What to do => The lines from the one containing "NUTRIENT-PACKED GREENS: Rich" through the last one in the data: please copy those exactly, and only those, without the pictures.

Records from a data source:
== == ==

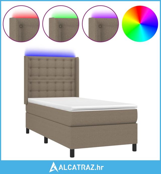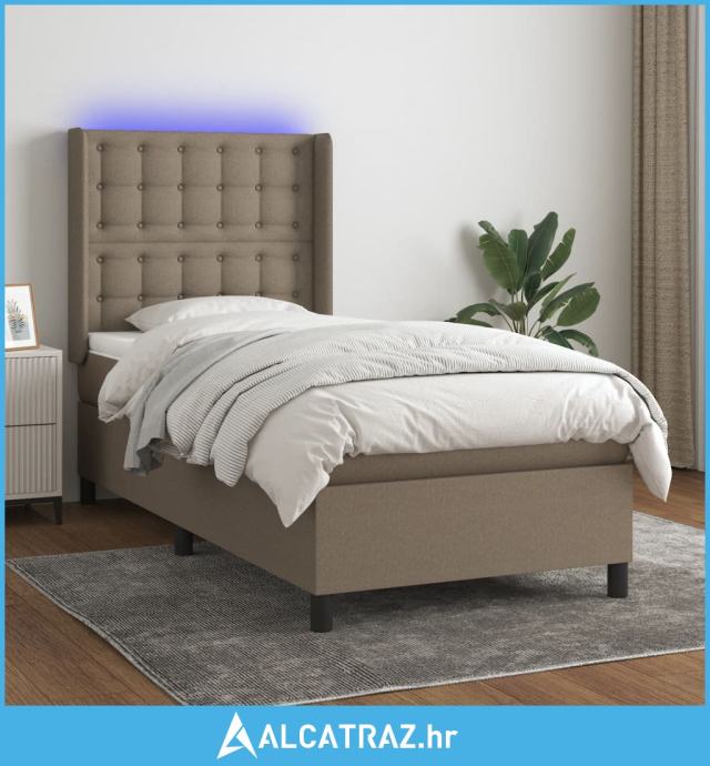 Krevet box spring s madracem LED smeđesivi 80 x 200 cm tkanina - NOVO
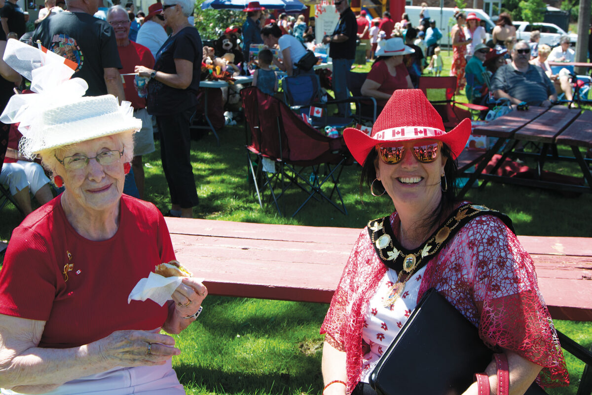 Dunnville’s fun was in Central Park: left, Mary Jane Ings (left) and Diane LeGres were serving up hot dogs at the Legion Branch 142 tent
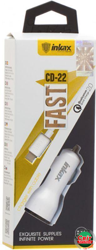 - ›АЗП Inkax CD-22 Car charger + Micro cable 1USB 2.1A White
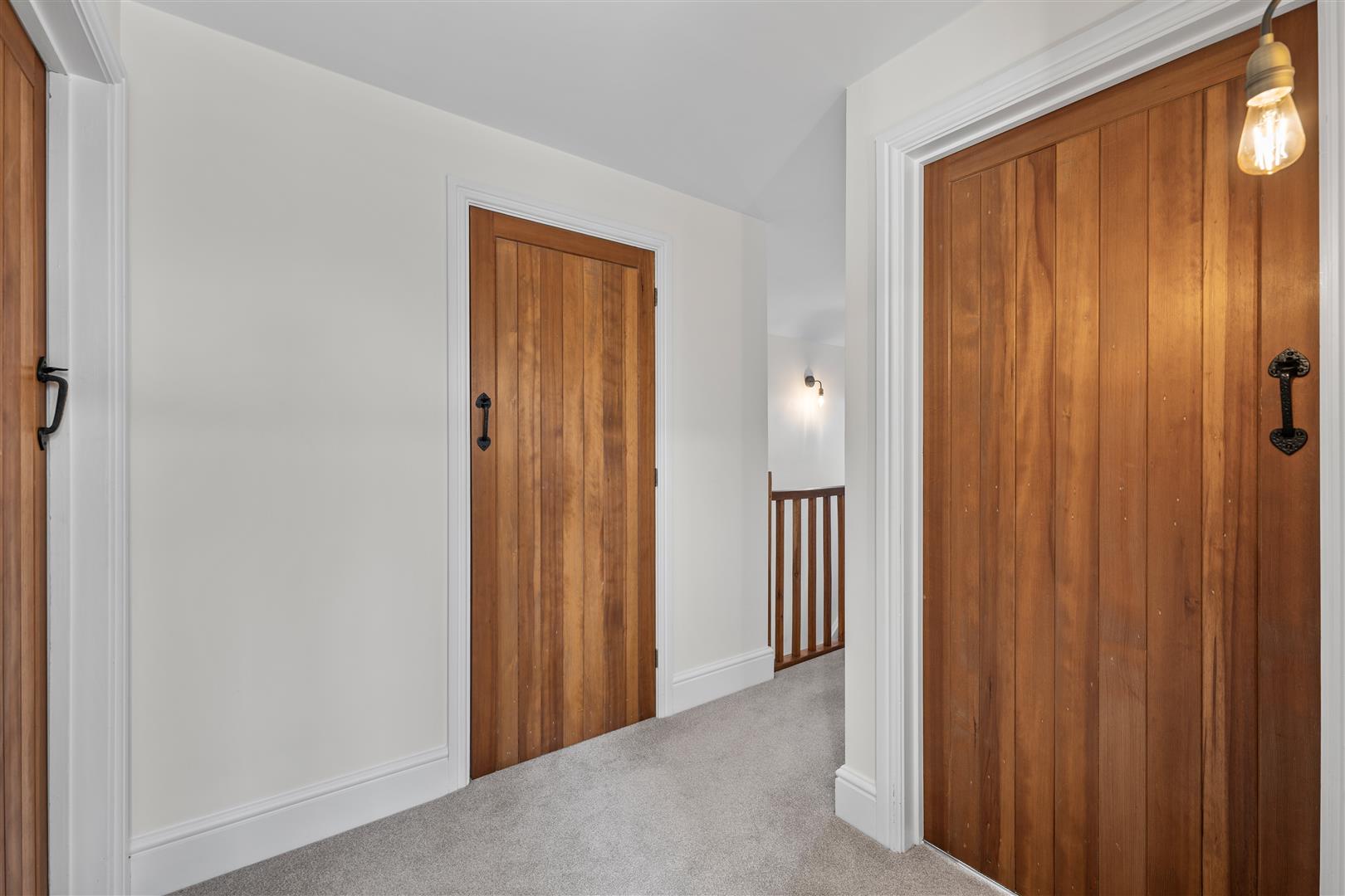 First Floor Galleried Landing - An attractive galleried landing having central heating radiator, double glazed window to the side, large built in walk in airing cupboard which houses the pressurised hot water system and offers an excellent level of storage and further cottage latch doors leading to:
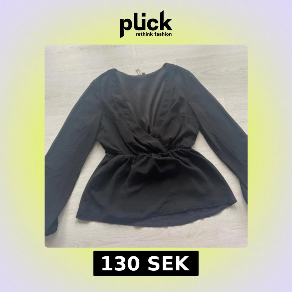 Snygg svart omlott topp, är lite mer ”genomskinlig” vid ärmarna och är urringad med stretchband i midjan.
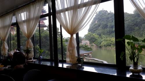 店の中から有名な観光地の畳彩山が見えます
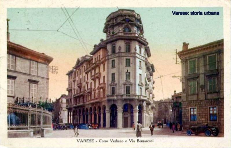 Keywords: Versione colorata. In centro palazzo De Micheli e di seguito, affacciato su via Verbano (ora Marcobi), il palazzo della Banca Commerciale Italiana, entrambe sono opere della fine degli anni '20 dell'ing. Edoardo Flumiani. Segue la stretta casa Crugnola (ing. Zafferri) che si affaccia nel vuoto (sono visibili i lavori di demolizione delle vecchie case) in attesa della costruzione di palazzo Verga (ing. Mario Cantù). All'estrema destra uno scorcio di casa Sacco/Ghirlanda (arch. Francesco Peverelli, 1808) sostituita nel 1964 dal palazzo della Banca d'Italia (arch. Ignazio Gardella). varese viaverbano viawaltermarcobi |
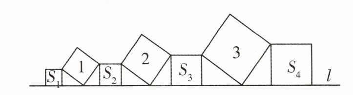 6 [2025贵阳月考]在直线l上依次摆放着七个正方形(如图)。已知斜放的三个正方形的面积分别是1,2,3,正放的四个正方形的面积依次是$S_{1}$,$S_{2}$,$S_{3}$,$S_{4}$,则$S_{1}+S_{2}+S_{3}+S_{4}= $____。
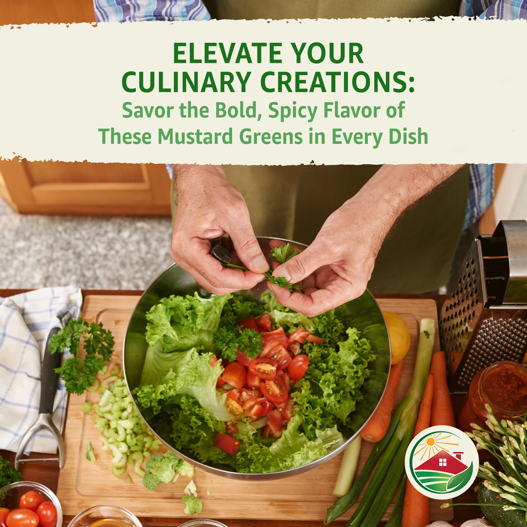 NUTRIENT-PACKED GREENS: Rich in vitamins and minerals, mustard greens are a healthy addition to your diet. Their nutrient-dense leaves offer a fresh, homegrown boost to salads, smoothies, and cooked dishes.
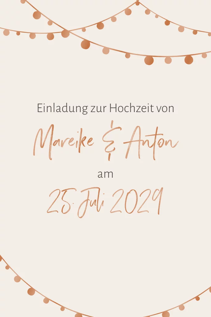 Veredelte Einladungskarte zur Hochzeit in beige. Die Karte im Hochformat ist einer mit Lichterkette in hochglänzendem Kupfer gestaltet und hat abgerundete Ecken.
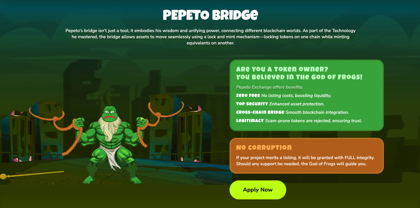 Pepeto builds PepetoSwap for zero fee trading, Pepeto Bridge enabling cross chain token movement, and Pepeto Exchange providing verified listings for meme projects. Over 850 of these projects have applied to receive an access to exchange listing and generate a pipeline of the potential volume prior to its public issue.

== == ==

Exercise output =>
 NUTRIENT-PACKED GREENS: Rich in vitamins and minerals, mustard greens are a healthy addition to your diet. Their nutrient-dense leaves offer a fresh, homegrown boost to salads, smoothies, and cooked dishes.
 Veredelte Einladungskarte zur Hochzeit in beige. Die Karte im Hochformat ist einer mit Lichterkette in hochglänzendem Kupfer gestaltet und hat abgerundete Ecken.
 Pepeto builds PepetoSwap for zero fee trading, Pepeto Bridge enabling cross chain token movement, and Pepeto Exchange providing verified listings for meme projects. Over 850 of these projects have applied to receive an access to exchange listing and generate a pipeline of the potential volume prior to its public issue.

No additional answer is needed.